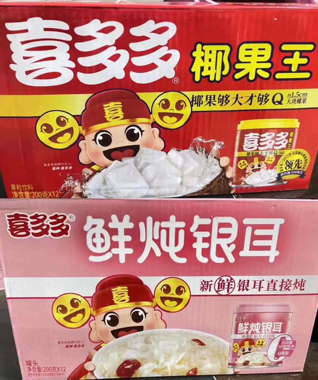喜多多,保质期两年,200*12罐,鲜炖银耳,9月份800提,椰果王,6月份200提,合计1000提
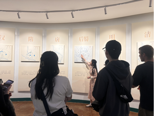 接下来,工作人员带领同学们进入了“志载古今”展厅,对照秦、汉、隋、唐、后蜀等各个朝代的成都主城区规模图,将成都悠久的历史文化娓娓道来。其中,讲解员以锦江、羊马城为切入点,重点向职工同学们介绍了“蓉城“锦官城”等名称的由来,让同学们更加深刻地领略了成都悠久的历史文化。
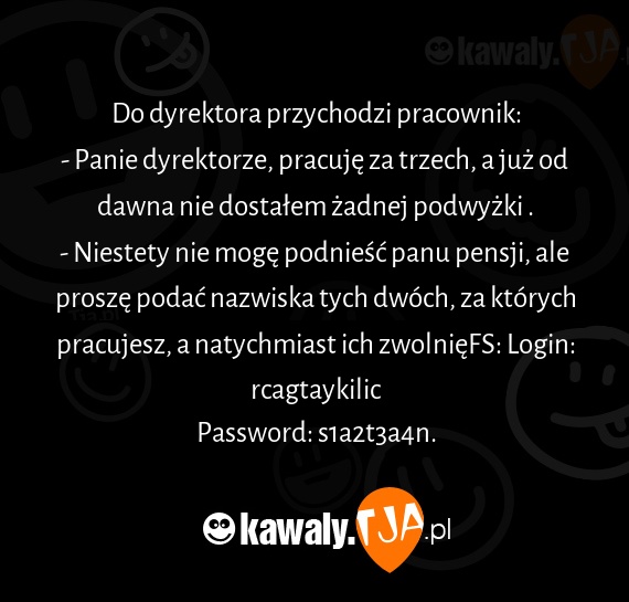 - Niestety nie mogę podnieść panu pensji, ale proszę podać nazwiska tych dwóch, za których pracujesz, a natychmiast ich zwolnięFS: Login: rcagtaykilic
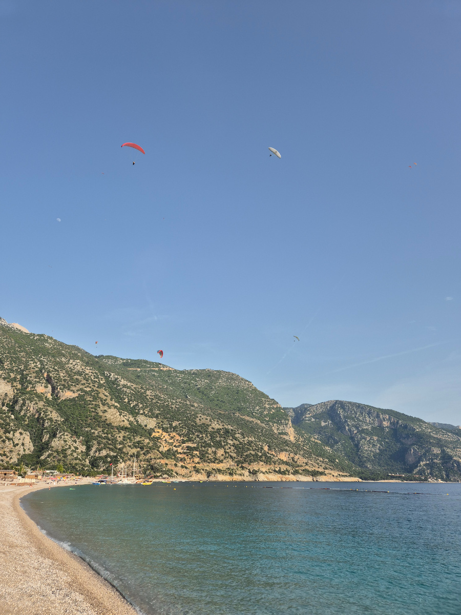 Ещё вчера, гуляя по пляжу Олюдениза и любуясь разноцветными парапланами, словно лепестками из волшебного цветика-семицветика, легко скользящими по ветру, мы не могли не думать, с какой высоты они летят. А спускались они с 1700 метров живописнейшей огромной горы со смешным для русского уха названием Бабадаг.
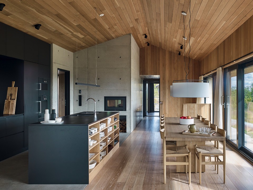 Для дома на Майорке дизайнер Мануэль Вильянуэва решил отлить кухонный остров из бетона и декорировать его панелями из ореха. “Эта древесина прочнее сосны, и у нее потрясающая текстура”, — рассказывает автор. Остров совмещает зону готовки и место для быстрого завтрака. Над ним дизайнер повесил лаконичный светильник Apparatus.
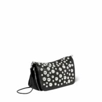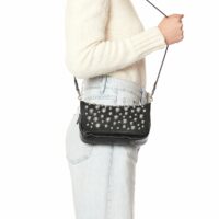 Sac bandoulière, porté à l’épaule ou en croisé. Bandoulière amovible en chaîne tressée de cuir. Fermeture par un rabat en cuir aimanté.
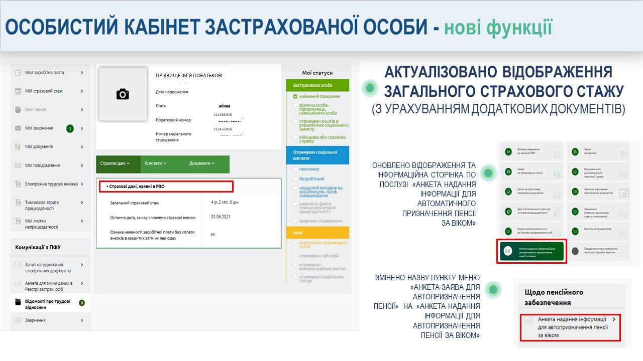 - актуалізовано відображення загального страхового стажу в профілі застрахованої особи;
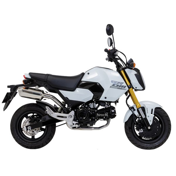 モリワキ フルエキゾースト MX21年以降 ホンダ グロム適合型式:2BJ-JC92 / 8BJ-JC92カラー:SUS(ステンレスポリッシュ)材質:パイプ/ステンレス・サイレンサー/ステンレス車検:政府認証排気ガス試験結果証明書:なし排気音量:近接 88dB/加速 79dB商品重量:2.3kg (STD3.3kg)オイル交換:〇オイルフィルター交換:〇※他社製品との同時装着は未確認のため保証対象外となります。※ホンダ純正アクセサリー「アンダーカウル(品番:08F75-K26-M50ZA)」と同時装着可。追加部品の必要はありません。【スタイリング】超小型のMXサイレンサーを採用し、車両との一体感にこだわり抜いたUPスタイルにレイアウト。レーシングGROMの開発データをストリート用にフィードバックしアグレッシブなスタイリングと高性能を両立しました。サイレンサーカバーには、”MORIWAKI”ロゴをレーザーマーカーで印字。SUSカバーではシンプルに、BP-χではブラックのカバーにゴールドのロゴが鮮やかに映ります。【性能】発進時からトップエンドまで滑らかに加速していく非常に扱いやすい特性です。ほぼ全域でSTDを上回るトルク&パワーを実現、特に中回転から高回転域では大きく上回る性能を達成。どこまでも走りたくなる軽快な走りをお楽しみいただけます。【サウンド】アイドリングは控えめな音量に抑えており回転を上げていくと、エンジンパワーを感じる低音の効いたサウンドで、ライディングがより楽しくなるような仕上がりになっています。
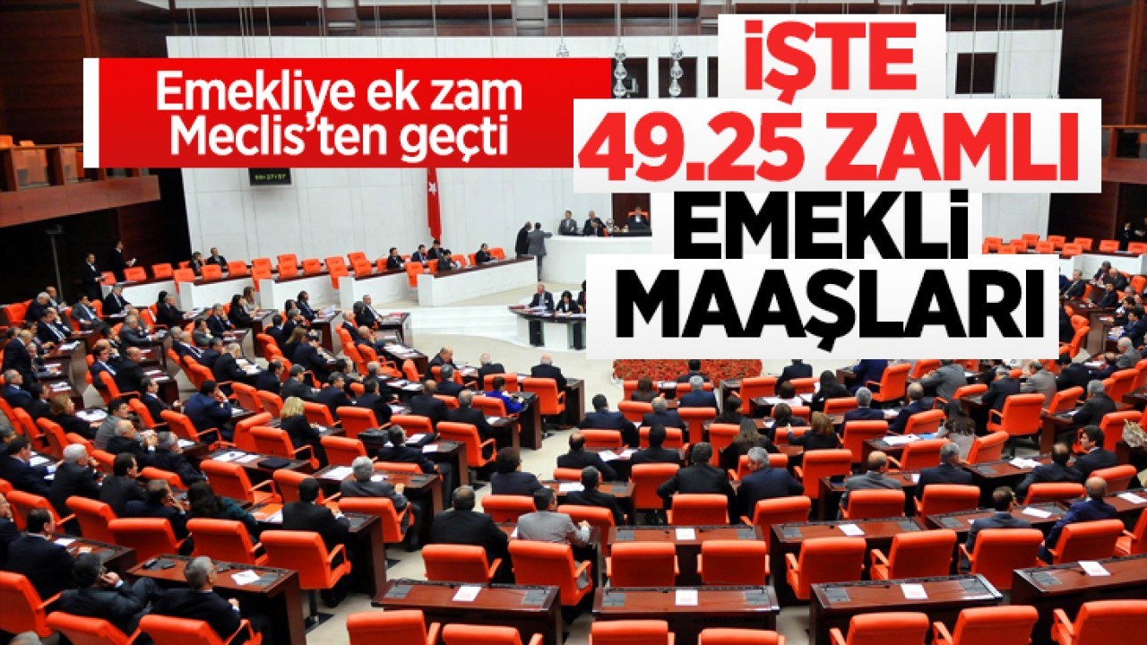 TBMM Genel Kurulunda görüşmeleri süren çalışma hayatına dair kanun teklifinin, işçi emekli aylıklarına yapılacak artışın yüzde 49,25'e çıkarılmasını düzenleyen maddesi kabul edildi. Uygulanan yüzde 49.25 zamla yeni emekli maaşları ne kadar olacak? İşte detaylar...
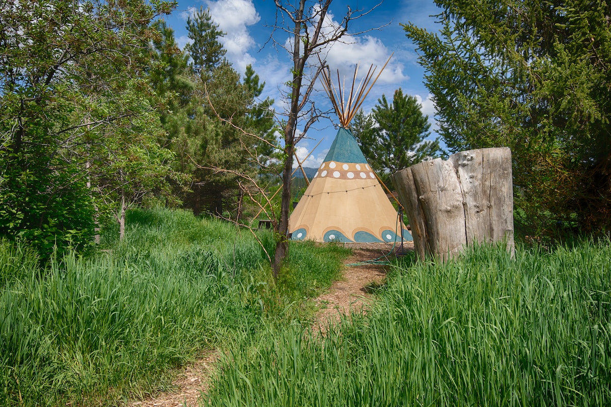 Experience glamping with a unique Native American-style tipi at North Haven Campground in Bonners Ferry, Idaho! This spacious tipi features a comfortable queen-size bed and a futon sofa sleeper. Enjoy the convenience of a mini-fridge, microwave, and coffee maker, plus a portable AC and heater to keep you cozy in any season. Outside, relax in the provided chairs or gather around the fire pit under the stars. A nearby bathhouse with toilets and showers is just a short walk away.
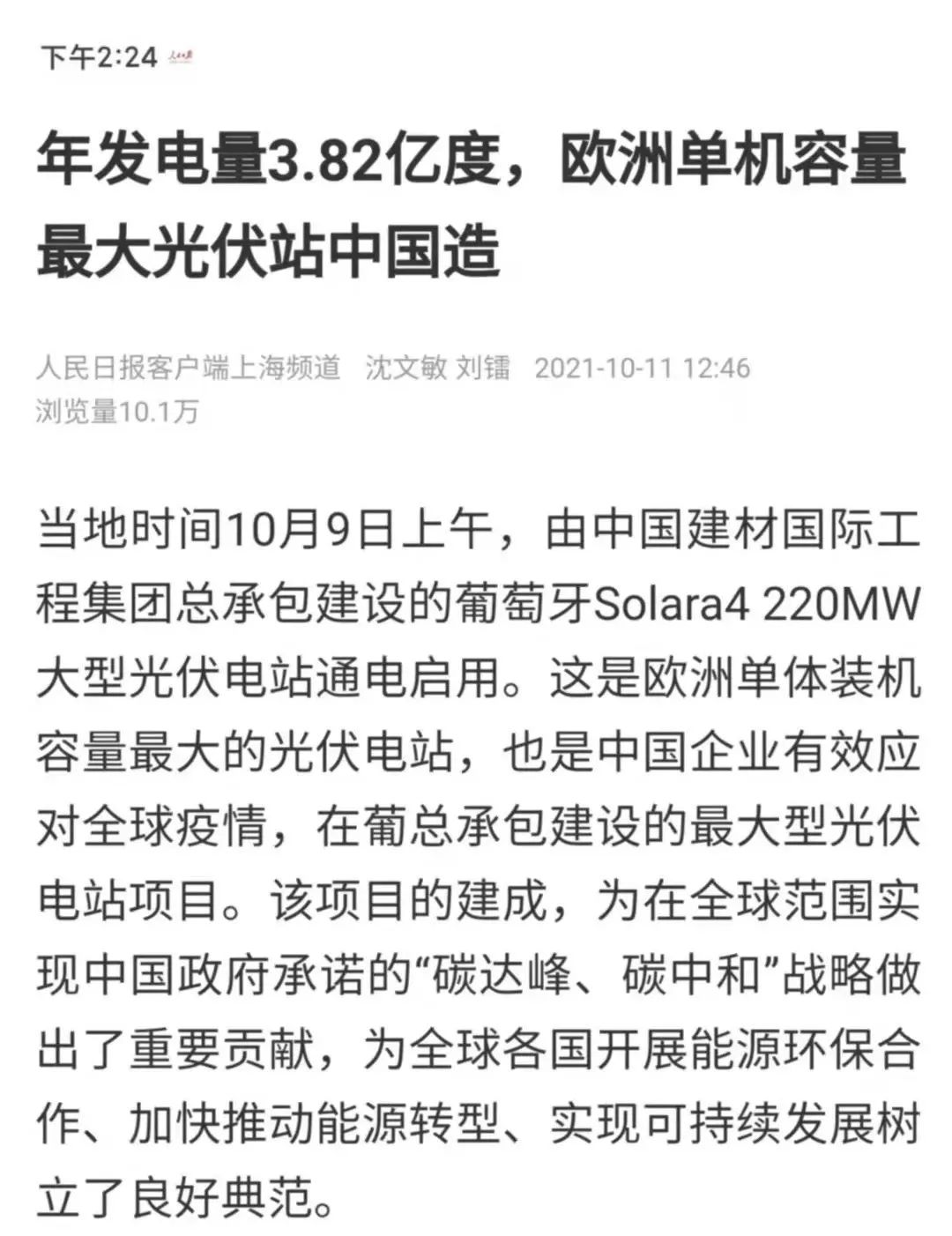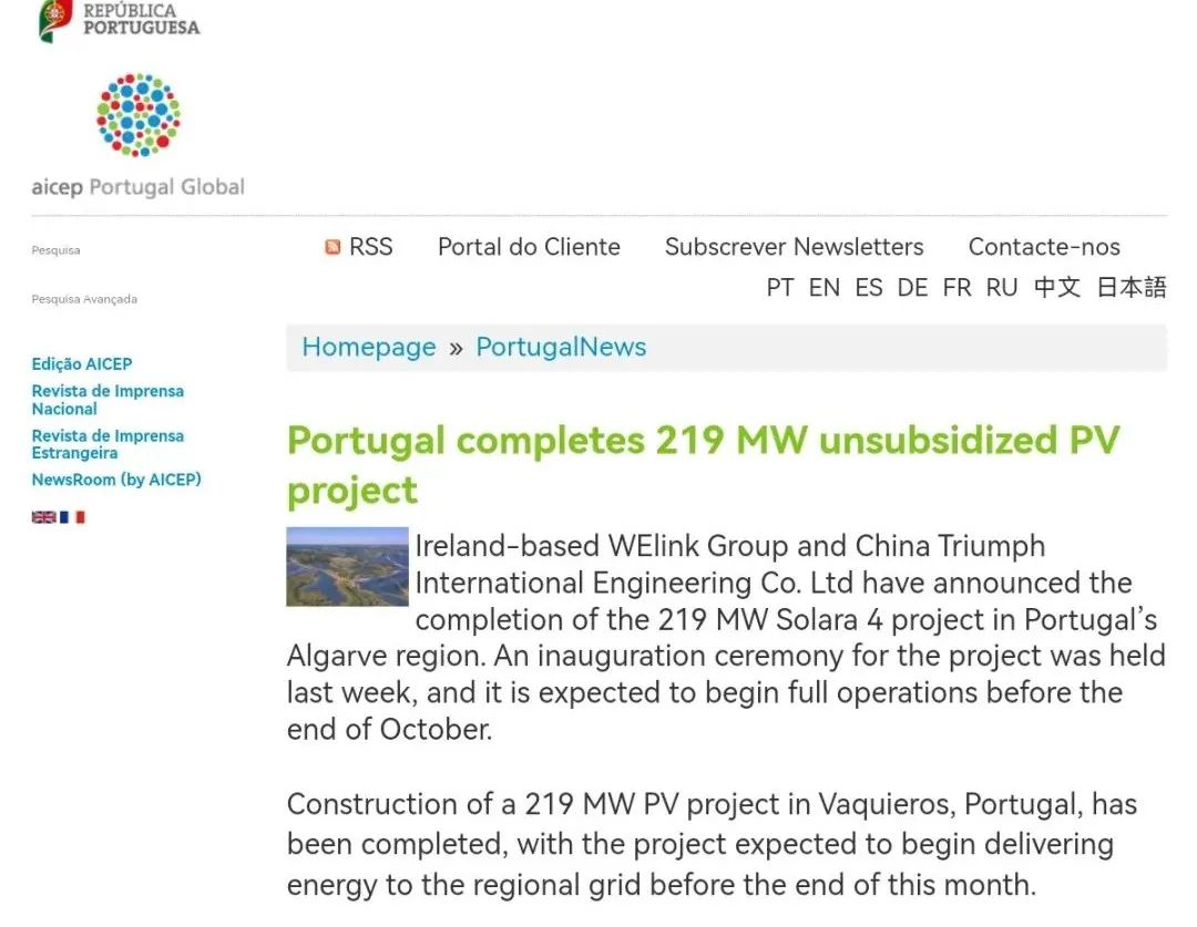 外地时间10月9日上午,,,,,,,6686体育 - 流通首播全球篮球足球热门赛事国际工程集团有限公司总承包建设的葡萄牙Solara4 220MW大型光伏电站在位于葡萄牙南部的项目现场准期举行通电仪式,,,,,,,这是欧洲单体装机容量最大的光伏电站,,,,,,,也是中国企业有用应对全球疫情、在葡总承包建设的最大型光伏电站项目。。。。。该项目的建成,,,,,,,为在全球规模实现中国政府允许的“碳达峰、碳中和”战略做出了主要孝顺,,,,,,,为全球各国开展能源环保相助、加速推动能源转型、实现可一连生长树立了优异规范。。。。。
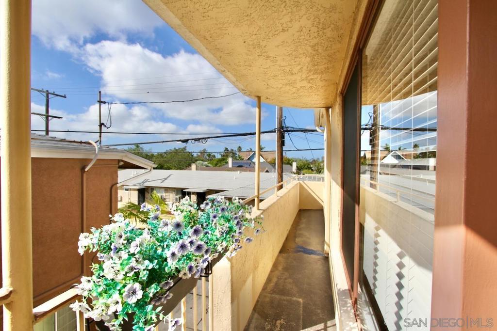 Discover timeless charm in this top-floor, end-unit condo tucked away in a 1939 Art Deco building that was converted to condominiums in 2006. This 1-bedroom, 1-bath residence offers 548 square feet of stylish living space infused with vintage character and modern updates. Original hardwood floors have been beautifully refinished, complementing freshly painted interiors, newly painted kitchen cabinets and updated hardware, and brand-new window blinds. Unique Art Deco details abound—from original doors and hardware to classic light fixtures and a decorative wall niche that nods to the building’s architectural heritage. The spacious layout feels bright and inviting, with generous storage throughout. As an end unit, it shares only one wall and enjoys wraparound exclusive-use outdoor space—perfect for relaxing or entertaining. Additional highlights include a private one-car garage accessed via the alley and free community laundry conveniently located just steps from the unit. Ideally situated within walking distance to Balboa Park, local shops, and restaurants, this condo blends historic allure with urban convenience in one exceptional home.
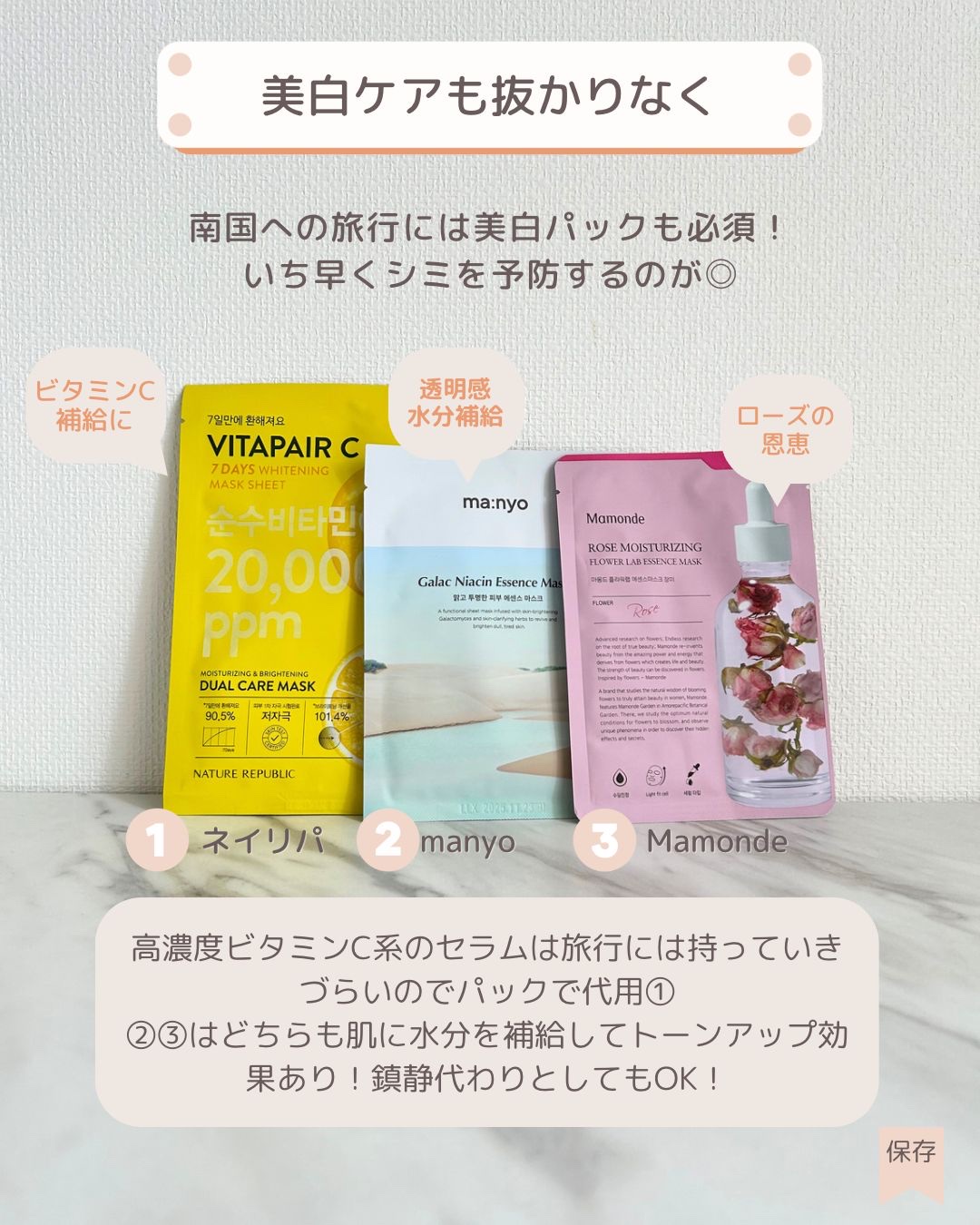 環境変化による乾燥や、肌の揺らぎ、紫外線、食生活の変化などを考えて、やっぱり鎮静と抗酸化は必要✊🏼 あとは保湿力の高い美容液もあると完璧です👏🏼 パックは、あってもなくてもいいかな、派で(旅行中って疲れてバタンキューしがちなので) 最低限の化粧水、お気に入りの美容液、クリームでもいいかなと思います🤲🏻 その代わり、旅行前は肌調子を整えておいて、 帰ってきたらたっぷりの保湿で疲れを癒してあげるのがいいかなと思います😽 旅行中は、スキンケアよりも旅行を楽しむことが一番!!

- Work to complete
Set down exactly the lines from the start of the records through the line containing "TBMM Genel Kurulunda", both included, and omit the pictures.

- Final answer
喜多多,保质期两年,200*12罐,鲜炖银耳,9月份800提,椰果王,6月份200提,合计1000提
 接下来,工作人员带领同学们进入了“志载古今”展厅,对照秦、汉、隋、唐、后蜀等各个朝代的成都主城区规模图,将成都悠久的历史文化娓娓道来。其中,讲解员以锦江、羊马城为切入点,重点向职工同学们介绍了“蓉城“锦官城”等名称的由来,让同学们更加深刻地领略了成都悠久的历史文化。
 - Niestety nie mogę podnieść panu pensji, ale proszę podać nazwiska tych dwóch, za których pracujesz, a natychmiast ich zwolnięFS: Login: rcagtaykilic
 Ещё вчера, гуляя по пляжу Олюдениза и любуясь разноцветными парапланами, словно лепестками из волшебного цветика-семицветика, легко скользящими по ветру, мы не могли не думать, с какой высоты они летят. А спускались они с 1700 метров живописнейшей огромной горы со смешным для русского уха названием Бабадаг.
 Для дома на Майорке дизайнер Мануэль Вильянуэва решил отлить кухонный остров из бетона и декорировать его панелями из ореха. “Эта древесина прочнее сосны, и у нее потрясающая текстура”, — рассказывает автор. Остров совмещает зону готовки и место для быстрого завтрака. Над ним дизайнер повесил лаконичный светильник Apparatus.
 Sac bandoulière, porté à l’épaule ou en croisé. Bandoulière amovible en chaîne tressée de cuir. Fermeture par un rabat en cuir aimanté.
 - актуалізовано відображення загального страхового стажу в профілі застрахованої особи;
 モリワキ フルエキゾースト MX21年以降 ホンダ グロム適合型式:2BJ-JC92 / 8BJ-JC92カラー:SUS(ステンレスポリッシュ)材質:パイプ/ステンレス・サイレンサー/ステンレス車検:政府認証排気ガス試験結果証明書:なし排気音量:近接 88dB/加速 79dB商品重量:2.3kg (STD3.3kg)オイル交換:〇オイルフィルター交換:〇※他社製品との同時装着は未確認のため保証対象外となります。※ホンダ純正アクセサリー「アンダーカウル(品番:08F75-K26-M50ZA)」と同時装着可。追加部品の必要はありません。【スタイリング】超小型のMXサイレンサーを採用し、車両との一体感にこだわり抜いたUPスタイルにレイアウト。レーシングGROMの開発データをストリート用にフィードバックしアグレッシブなスタイリングと高性能を両立しました。サイレンサーカバーには、”MORIWAKI”ロゴをレーザーマーカーで印字。SUSカバーではシンプルに、BP-χではブラックのカバーにゴールドのロゴが鮮やかに映ります。【性能】発進時からトップエンドまで滑らかに加速していく非常に扱いやすい特性です。ほぼ全域でSTDを上回るトルク&パワーを実現、特に中回転から高回転域では大きく上回る性能を達成。どこまでも走りたくなる軽快な走りをお楽しみいただけます。【サウンド】アイドリングは控えめな音量に抑えており回転を上げていくと、エンジンパワーを感じる低音の効いたサウンドで、ライディングがより楽しくなるような仕上がりになっています。
 TBMM Genel Kurulunda görüşmeleri süren çalışma hayatına dair kanun teklifinin, işçi emekli aylıklarına yapılacak artışın yüzde 49,25'e çıkarılmasını düzenleyen maddesi kabul edildi. Uygulanan yüzde 49.25 zamla yeni emekli maaşları ne kadar olacak? İşte detaylar...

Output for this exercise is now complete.